Equity, currency and commodity markets have been sending mixed signals over the last week indicating indecision among investors. On the encouraging side, the bounce from oversold conditions by equity markets that started in late May has continued to gain some traction and a number of Country ETF and Sector ETFs have gone on low pole warnings and bullish breakouts. Also, equity markets appear to have stopped going down on bad news, a sign that significant negativity has already been priced in
On the disappointing side, equity market gains have been tentative, major indices remain below recent breakdown points and follow-through from the initial bounces has been limited.
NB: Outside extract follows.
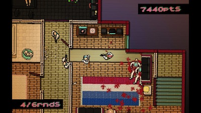 Projected onto the wall, huge and pulsating: Hotline Miami.

So far it seems that recent gains have come more from the bears taking a break then the bulls gaining much traction. A continuing lack of enthusiasm for risk can be seen from the continuing weakness in cryptocurrencies.
A drought of business news in the early part of this week has also helped to push equity markets into neutral. Earnings season is over and the economic calendar has been relatively light so far this week. Economic news picks up again, however, starting today. The main focus of the coming week is on central bank meetings and how much pressure inflation is putting on them to continue raising rates.
So far this month, The Bank of Canada (as was expected) and the Reserve Bank of Australia (a hawkish surprise) have both raised their benchmark interest rates by 0.50% and continued Quantitative Tightening. Today the European Central Bank is meeting with investors looking for hints on when rate hikes may start in Europe and how many times the ECB could raise rates this year. Next Wednesday the Fed is meeting with investors widely expecting another 0.50% rate hike. Perhaps more importantly, investors may look to the statement and the economic/interest rate member projections for hints on whether the Fed may hike toward 2.50% and then stop or if members are expecting hikes to continue for longer or to a higher level.
Other notable economic announcements this week that could influence sentiment include consumer price inflation reports for the US and China, plus Canadian employment, all on Friday followed by US producer prices and retail sales reports for the US and China next Tuesday-Wednesday. A week from today, the Bank of England, Bank of Japan and Swiss National Bank are also holding monetary policy meetings.
In this issue of Equity Leaders Weekly, we take our monthly look at Sector Scopes and at alternative energy stocks.
The Sector Scopes feature in SIA Charts, found in the Markets – BPI section, provides investors with a snapshot of the bullish percent (percentage of stocks in a group on a bullish charting signal) for 31 industry groups. This provides us not only with a indication of market sentiment at a point in time, but also a visual way to evaluate changes in attitudes and capital flows between groups over time.What a difference a month has made. In early May, nearly all of the sectors were piled up on the left hand side of the page, a sign of a falling and potentially oversold market. Over the last several weeks, nearly all sectors have shifted rightward, a sign of increasing bullishness. Currently the majority of groups are in the center-right part of the table (50%-80%), a sign of a rising but not overbought market. Energy and Utilities remain at the rightmost side but have been joined by Banks and Electronics & Semiconductors. Other sectors showing significant improvement include Computer Software and Leisure.
After soaring through the back half of 2020, the alternative “Green” energy sector peaked in January of 2021 and sold off through all of last year and much of this year so far as investors retreated from “Growth/Momentum” sectors. It appears, however, that sentiment toward the alternative energy group has started to improve. With oil & gas prices remaining high, green energy has started to look more attractive in general, and the potential for improvement on the regulatory side related to easing tariffs in the US has sparked renewed interest in the sector once again, particularly solar stocks. The iShares Global Clean Energy ETF (ICLN) has surged upward in recent days, retaking $20.00 and completing a bullish Double Top pattern. It would need to clear its recent high near $22.10, which coincides with a horizontal count, in order to confirm the start of a new uptrend. Should that occur, next potential resistance appears near $23.70 based on previous column highs. Initial support appears near $20.00 where a round number and a 3-box reversal converge.